◆ **What is expected**:
Please repeat exactly, and only, the lines from the one containing "Production of the" through the end of the records below, with no pictures.
START Records supplied
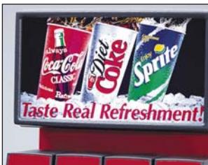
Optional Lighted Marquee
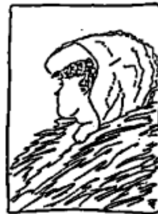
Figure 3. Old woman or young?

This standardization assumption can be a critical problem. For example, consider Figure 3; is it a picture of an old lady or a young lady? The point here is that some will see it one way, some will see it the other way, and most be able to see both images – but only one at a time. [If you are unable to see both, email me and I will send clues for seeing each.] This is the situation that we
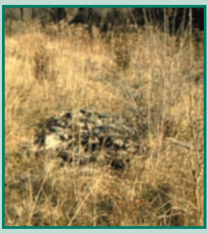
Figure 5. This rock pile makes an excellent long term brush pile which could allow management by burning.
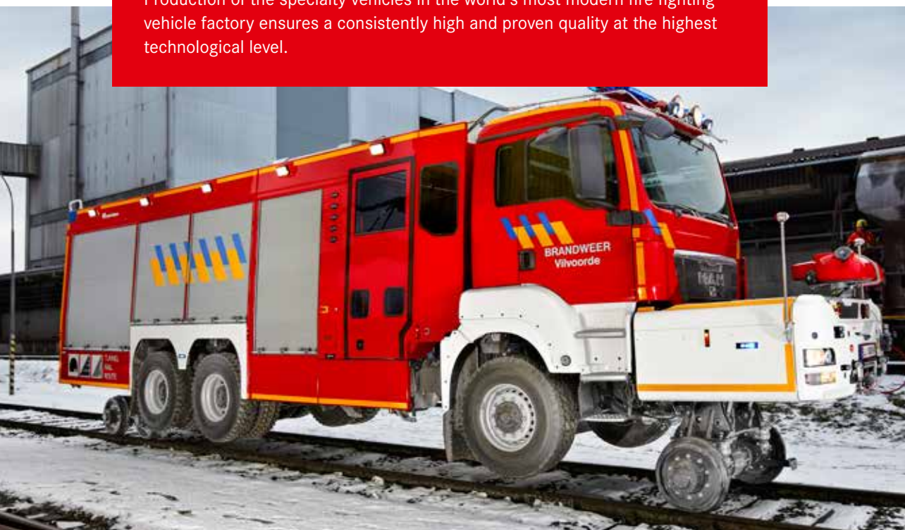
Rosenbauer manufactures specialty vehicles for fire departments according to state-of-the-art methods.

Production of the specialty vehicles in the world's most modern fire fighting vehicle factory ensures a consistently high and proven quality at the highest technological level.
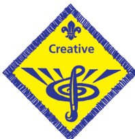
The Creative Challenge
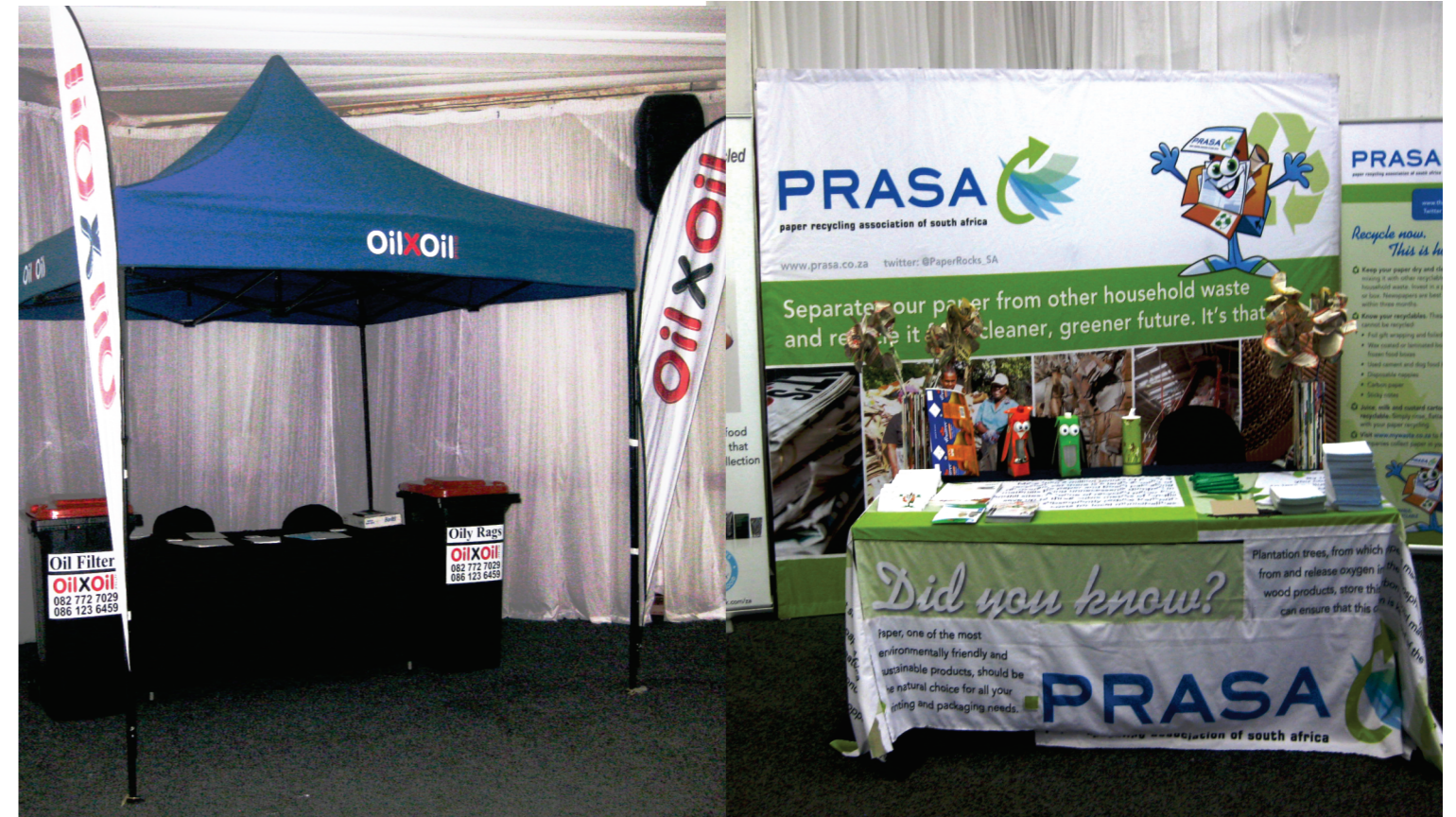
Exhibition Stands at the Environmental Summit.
END Records supplied
◆ **The answer**:
Production of the specialty vehicles in the world's most modern fire fighting vehicle factory ensures a consistently high and proven quality at the highest technological level.
The Creative Challenge
Exhibition Stands at the Environmental Summit.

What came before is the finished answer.